Через несколько дней в Сарае встречали вернувшегося с победой темника Ганжуура. Вся Орда оседлала коней, ожидая своих героев. Гремели барабаны, звучали зурны и хуры, готовясь воспевать новую победу. Все нарядились в лучшие одежды, готовясь к празднику. Да, у чжалаиров был сегодня праздник: их воины возвращались победителями, везя с собой богатую добычу, - чего еще оставалось желать?
Князя Святослава с его свитой также пригласили, как почетных гостей. Совсем неподалеку от себя Святослав видел Ерден-хана - на белом коне, в памятной ему горностаевой шубе. Но среди этой ослепительной белизны лицо джихангира выглядело совсем желтым и кислым, как он ни старался сделать его веселым.
Въехавших в стойбище чжалаиров князь едва заметил; все его внимание было приковано к пленным, что плелись позади, на аркане, или сидели на телегах. Он уже видел такое - толпы полуголодных, окровавленных людей в изорванных лохмотьях. Тех, в чьих глазах застыл страх, как у загнанного зверя, и тех, кто не может пока еще осознать, что их жизнью отныне распоряжаются другие. Видел, но к такому невозможно было привыкнуть.
Ганжуур-нойон коротко доложил хану от успехе своего войска. Выслушав его, Ерден-хан взмахнул символом своей власти - плеткой, в ремни которой были вплетены драгоценные камни. Указал ею на пленных и на обоз с награбленными ценностями. По его знаку изрядную долю от всей добычи отделили сразу, в пользу хана и его семьи. На все остальное он снова показал плеткой.
- Это ваша доля, мои храбрые воины! Пусть ваши нойоны разделят добытые сокровища между вами, согласно вашим заслугам! Ни один воин, ни одна семья не останется без награды! - выкрикнув так, джихангир украдкой прижал руку под полой шубы к боку, точно там у него все болело и ныло.
Многоголосый радостный хор огласил всю Орду, так что лошади перепугались бы, управляй ими кто другой, кроме чжалаиров. Не сводя глаз с пленных, Святослав видел, как по их толпе, от человека к человеку, пробегала нервная дрожь. Для них дикая радость врага не предвещала ничего, кроме новых бед.

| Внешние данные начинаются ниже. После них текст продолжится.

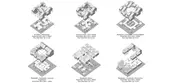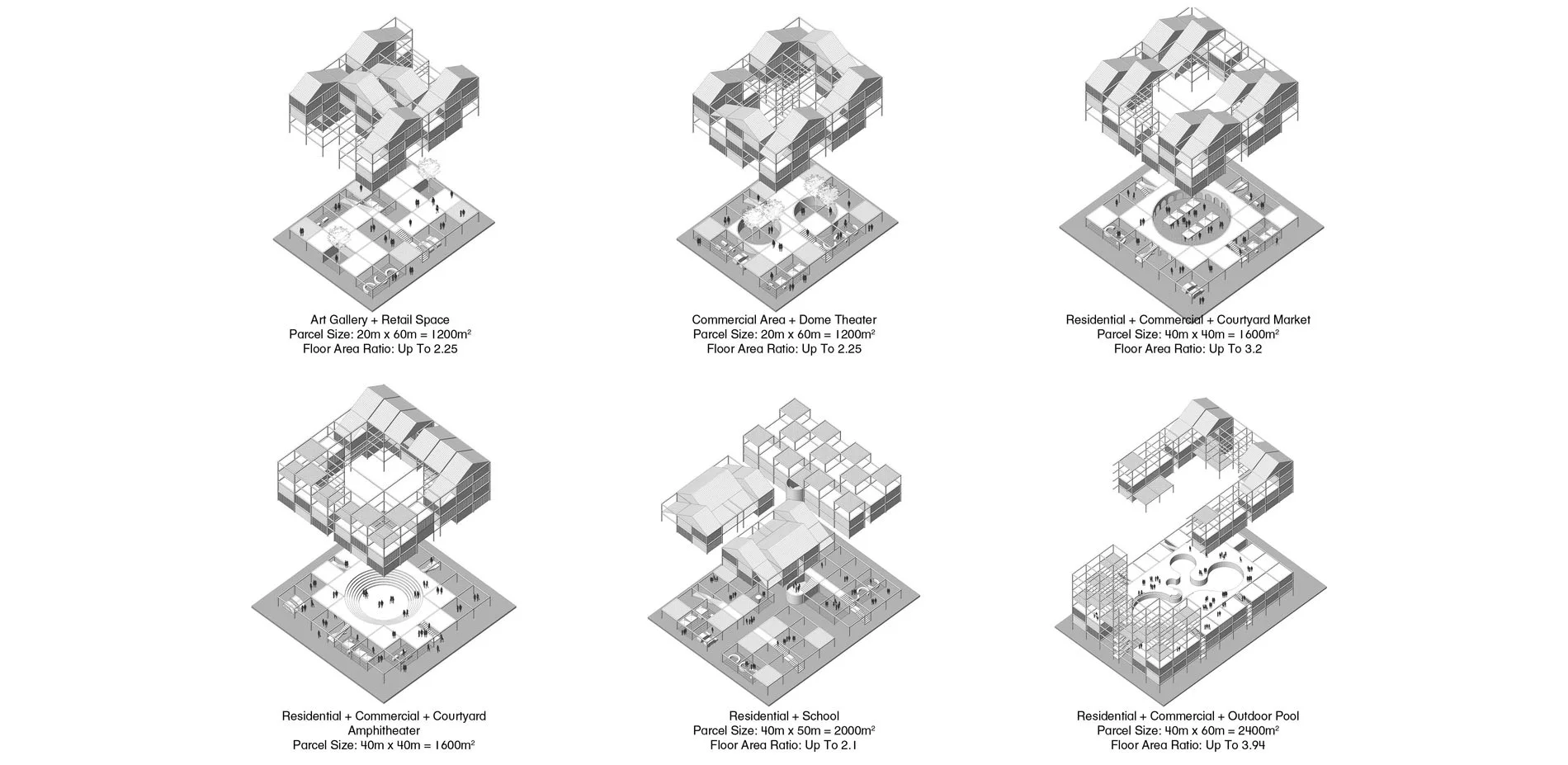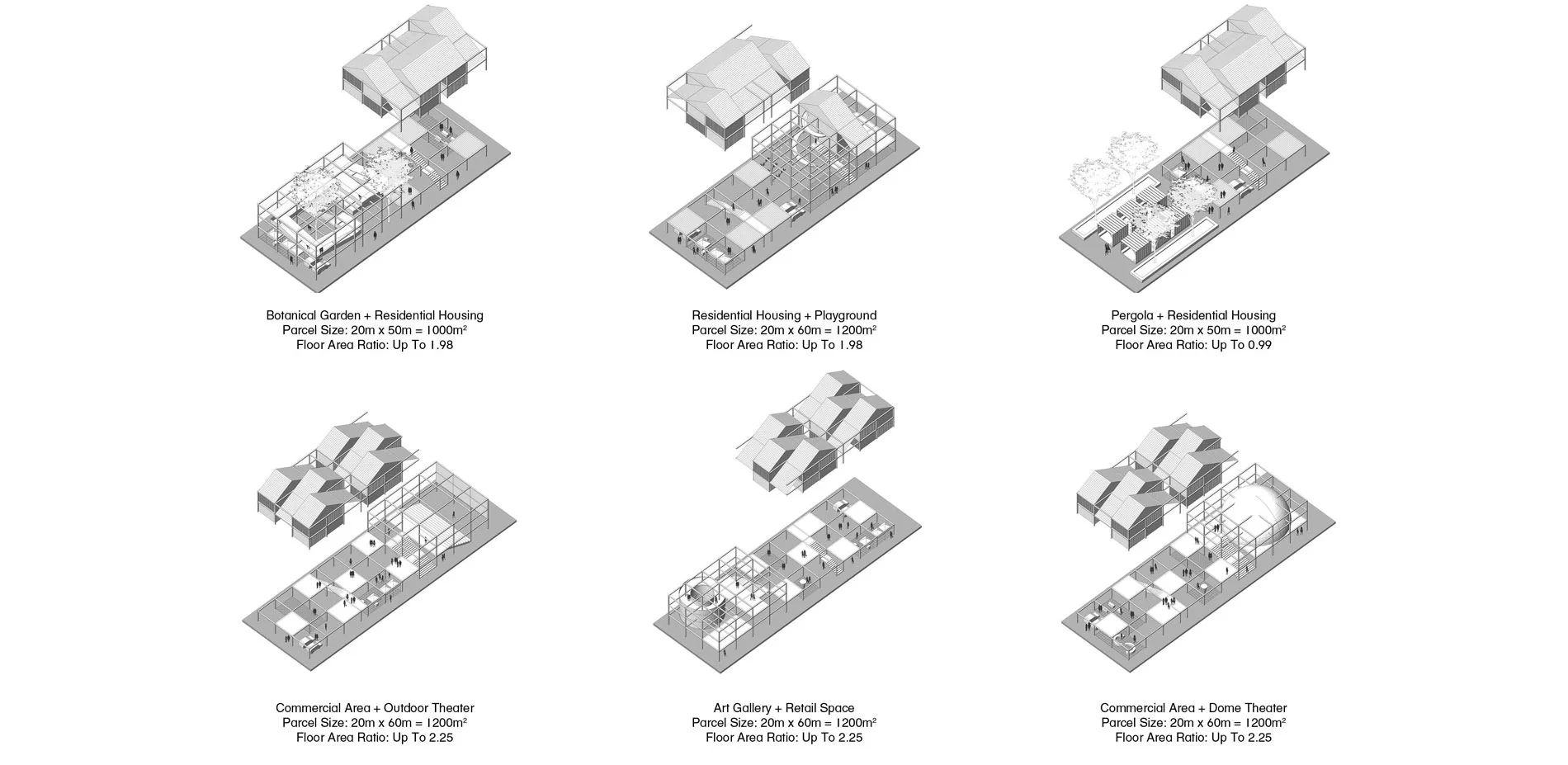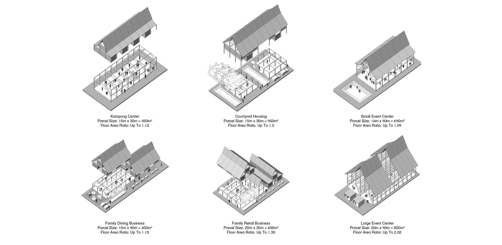 From those public spaces, the project has developed a language of development typologies that could be implemented on the parcel scale. These typologies are ordered into three main categories: small, medium, and large parcels. We posit that the landowners could implement these different typologies that are an increase from the 1-2 floor existing buildings to something from 3-7 floors. Both typologies are set on grids of 5 x 5 x 3 meters, allowing for flexibility and modularity over time. Wall units, balconies, and more are all modular as well, allowing for the landowners to work with in the given parameters, but maintain a uniqueness that is so critical to Kampung Baru’s identity. Over time, the parcels could also be connected to one another through sky bridges, creating another layer of pedestrian circulation to the lots. Maintaining the same zoning throughout Kampung Baru as well would also ensure the variety of experiences that is already found in the community as well.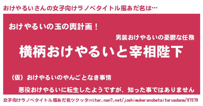 | 男性向けラノベタイトル風あだ名 | 『おけやるいに滅ぼされるだけの簡単なお仕事です』 |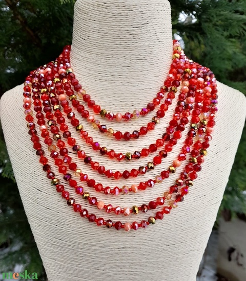 Hétsoros, piros mix csiszolt üveggyöngy kaláris, néptánckellék, néptáncos kiegészítő, népi ékszer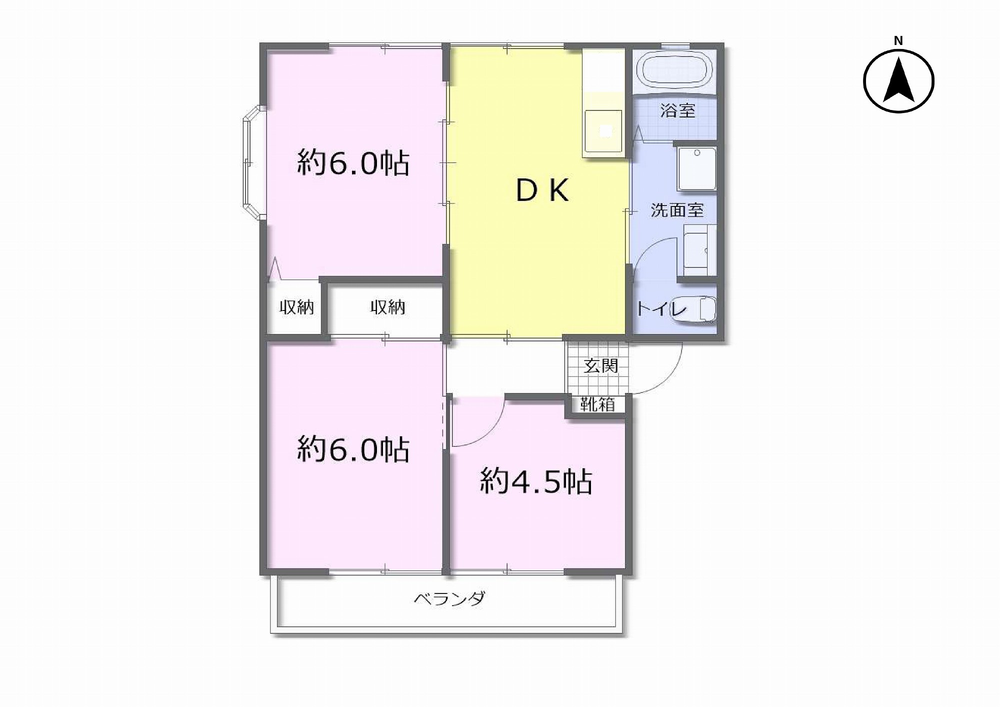 間取り | 3DK( 洋室 6・6・6 帖 / DK 7 帖 ) | ||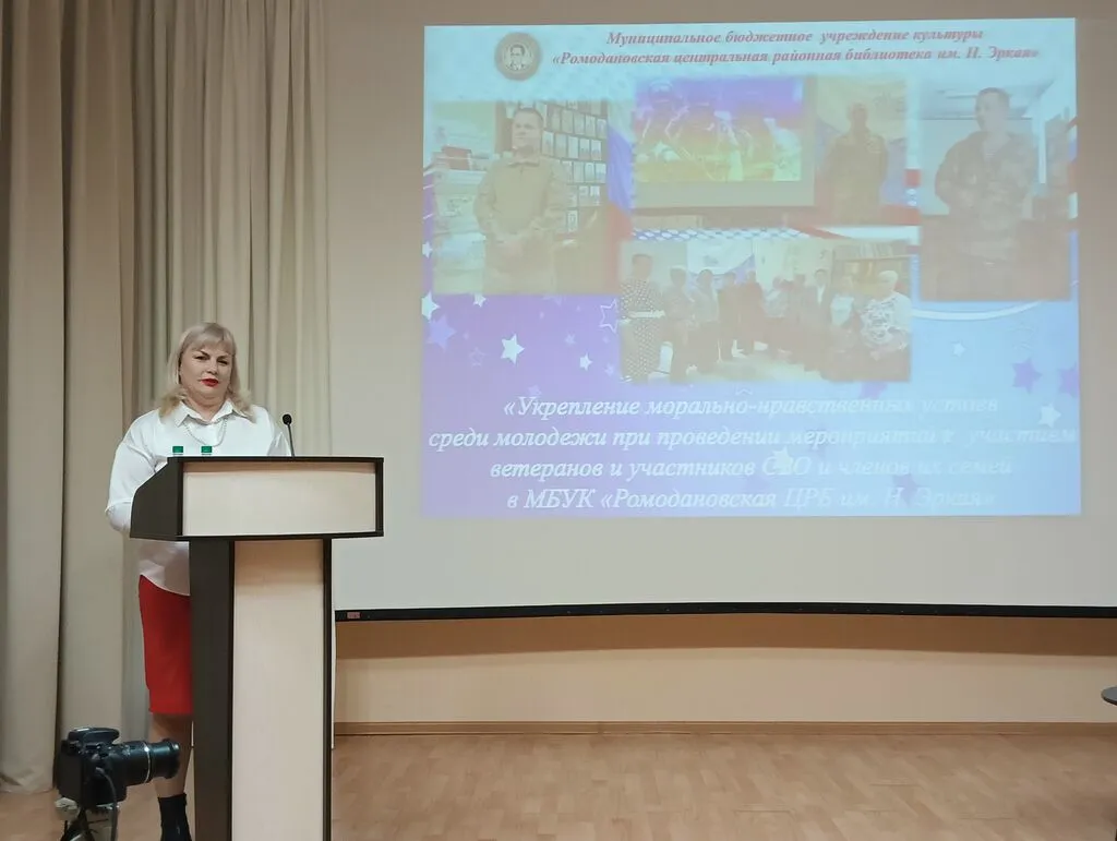 По традиции, работа форума состояла из пленарного заседания и работы 2 секций. На секции «Библиотека как экосистема единства: от народных традиций к социальному здоровью нации» с докладом «Укрепление морально-нравственных устоев среди молодежи при проведении мероприятий с участием ветеранов и участников СВО и членов их семей» выступила заведующий отделом обслуживания Никитина Людмила Викторовна.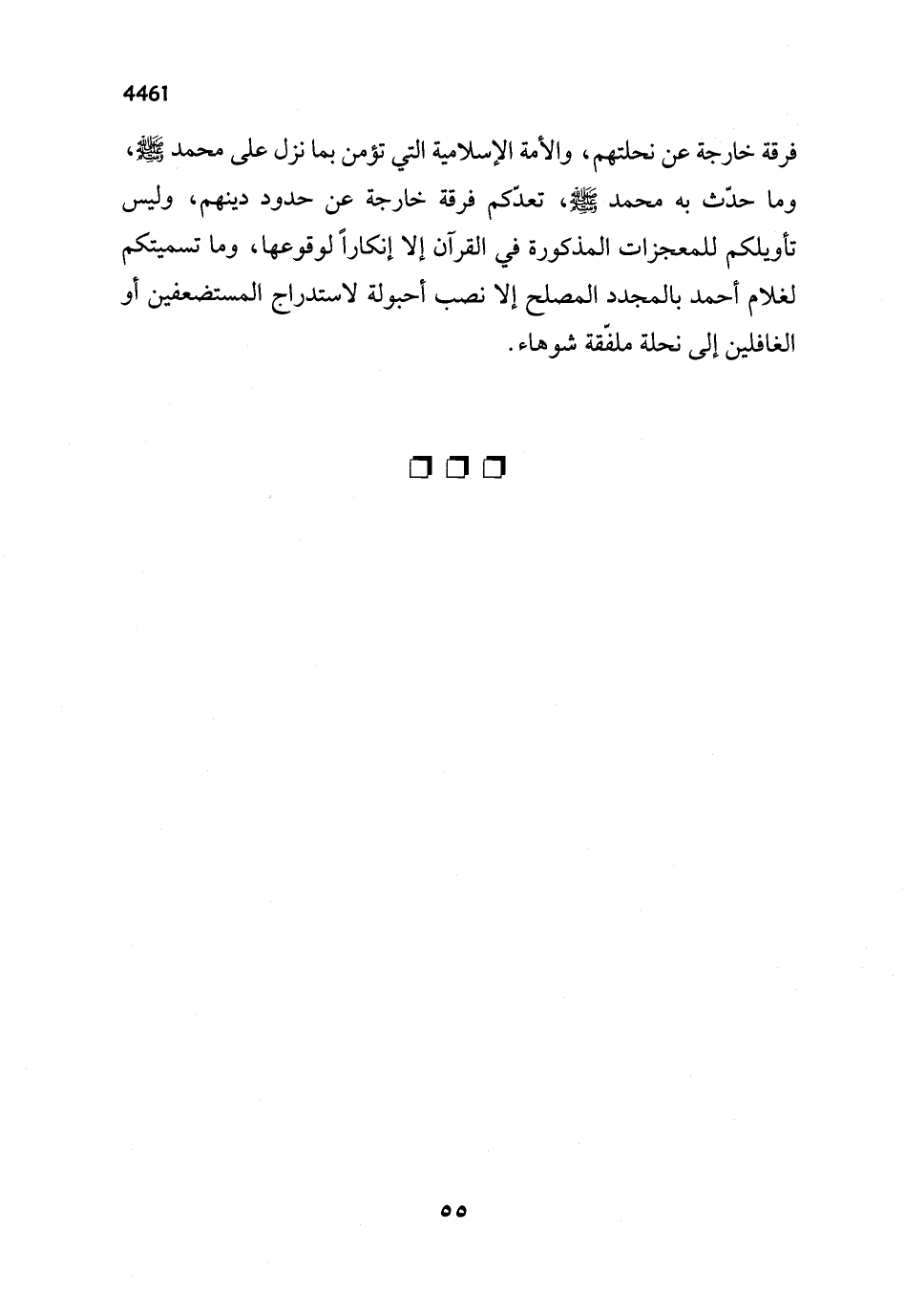 فرقة خارجة عن نحلتهم، والأمة الإسلامية التي تؤمن بما نزل على محمد - صلى الله عليه وسلم -، وما حدّث به محمد - صلى الله عليه وسلم -، تعدّكم فرقة خارجة عن حدود دينهم، وليس تأويلكم للمعجزات المذكورة في القرآن إلا إنكاراً لوقوعها، وما تسميتكم لغلام أحمد بالمجدد المصلح إلا نصب أحبولة لاستدراج المستضعفين أو الغافلين إلى نحلة ملفّقة شوهاء.
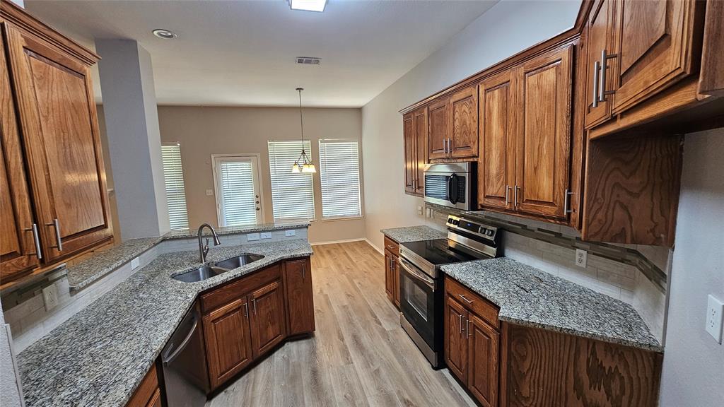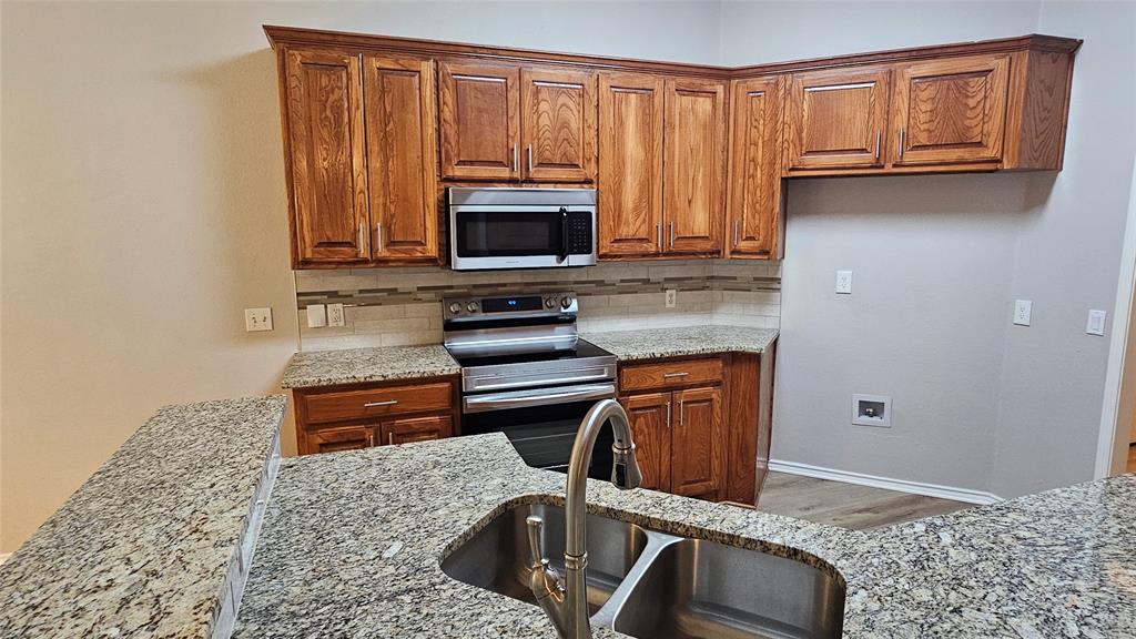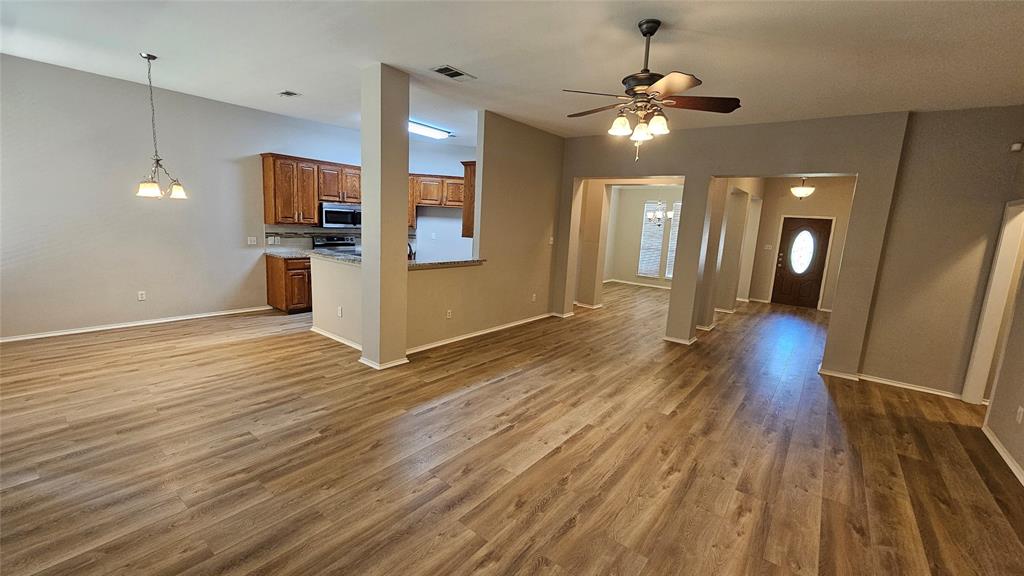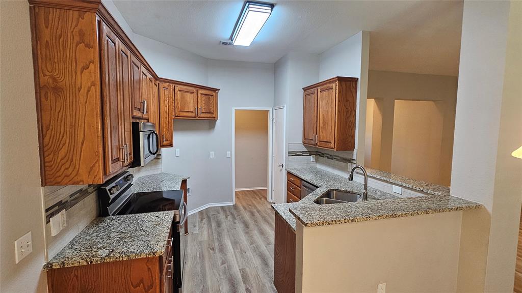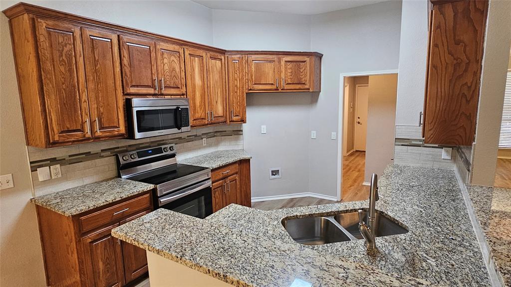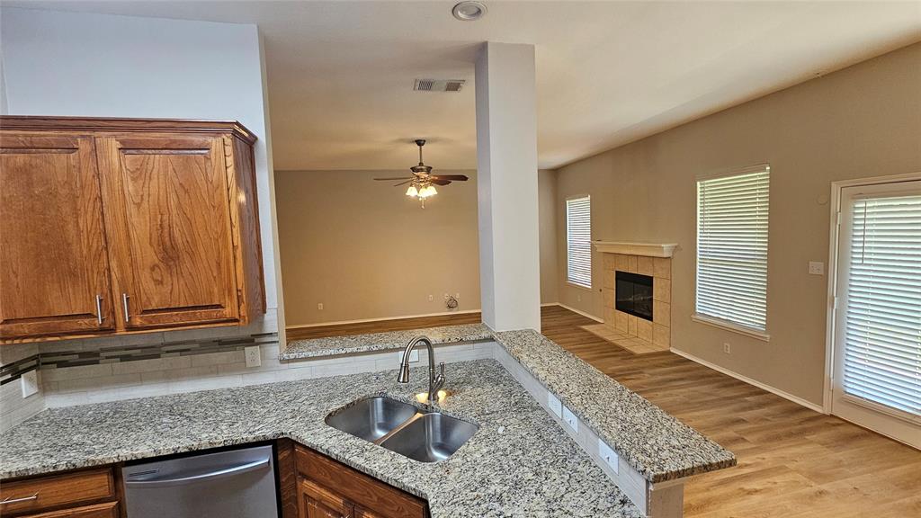 INCREDIBLE 4 bedroom executive home in the heart of Mansfield. BRAND NEW Luxury Plank Flooring throughout. Fresh Paint. NEWER Granite Countertops with stunning backsplash. Large Family room with soaring ceiling and incredible gas fireplace. Cooks delight kitchen with beautiful granite countertops, incredible backsplash, stainless steel appliances, upgraded fixtures, and breakfast bar overlooking the large family room. Elegant formal dining room. Charming breakfast nook. Luxurious master suite with sitting area, HUGE ensuite bath with dual sinks, garden tub, separate shower and super large walkin closet. The primary bedroom is split from the guest bedrooms. All the guest bedrooms are nice sized and feature ceiling fans with light kits. The private backyard includes a lush yard, covered patio, and full automatic sprinkler system. Great location near schools, shopping and restaurants.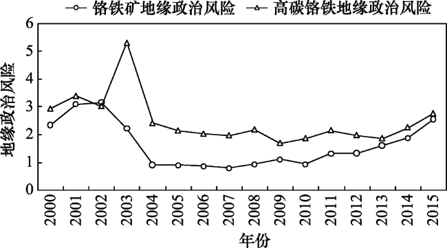 | 地缘政治风险(铬铁矿) | <1.00 | 1.00(含)~2.00(含) | >2.00 |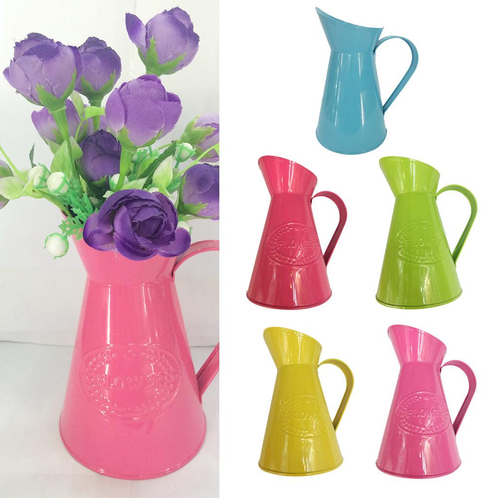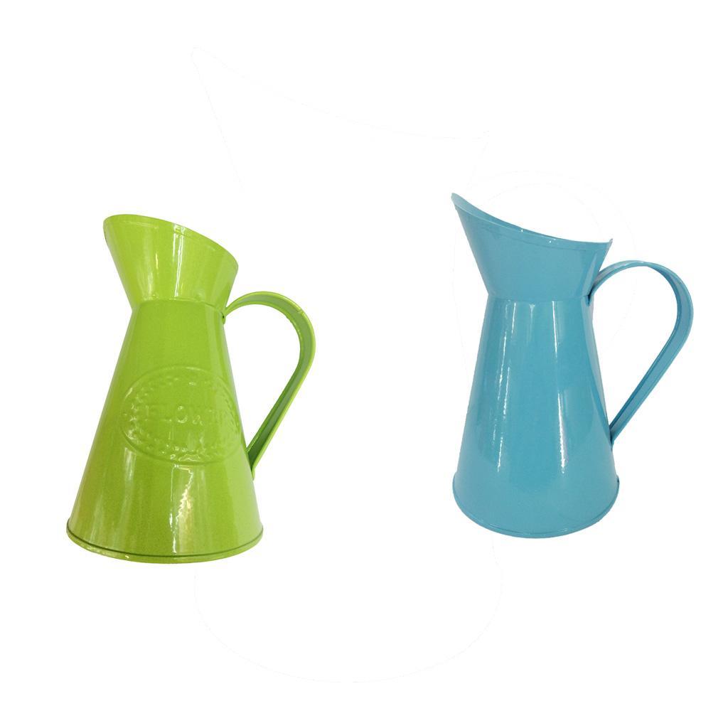 Maxbell 2pcs Wrought Iron Shabby Chic Metal Jug Vase Pitcher Flower Holder for Home Wedding Decoration

Тут же начался раздел добычи. Сперва тысячники делили между собой все, что было привезено ценного, каждый для своих людей, утаскивали и угоняли свою долю в сторону. Затем полученное делили по сотням, сотники, в свою очередь оделяли каждый десяток, в зависимости от заслуг своих воинов, а десятники уж затем раздавали каждому воину его долю. Ордынский порядок действовал даже здесь; за драку из-за добычи ее участников непременно казнили бы. Если то, что понравилось одному, доставалось другому, можно было купить или обменять, в крайнем случае, отсудить, обратившись к старшему по званию нойону, но ссоры между своими были строго запрещены. У чжалаиров, в отличие от обитателей Сварожьих Земель, не было принято платить виру за убийство или причиненное другому увечье, за воровство у своих, - только смертная казнь. Что ж, может быть, для кочевой Орды к тому же, состоявшей, на самом деле, из множества племен, такой порядок и был нужен. Во всяком случае, он действовал и, как можно было убедиться, помогал чжалаирам одерживать победы...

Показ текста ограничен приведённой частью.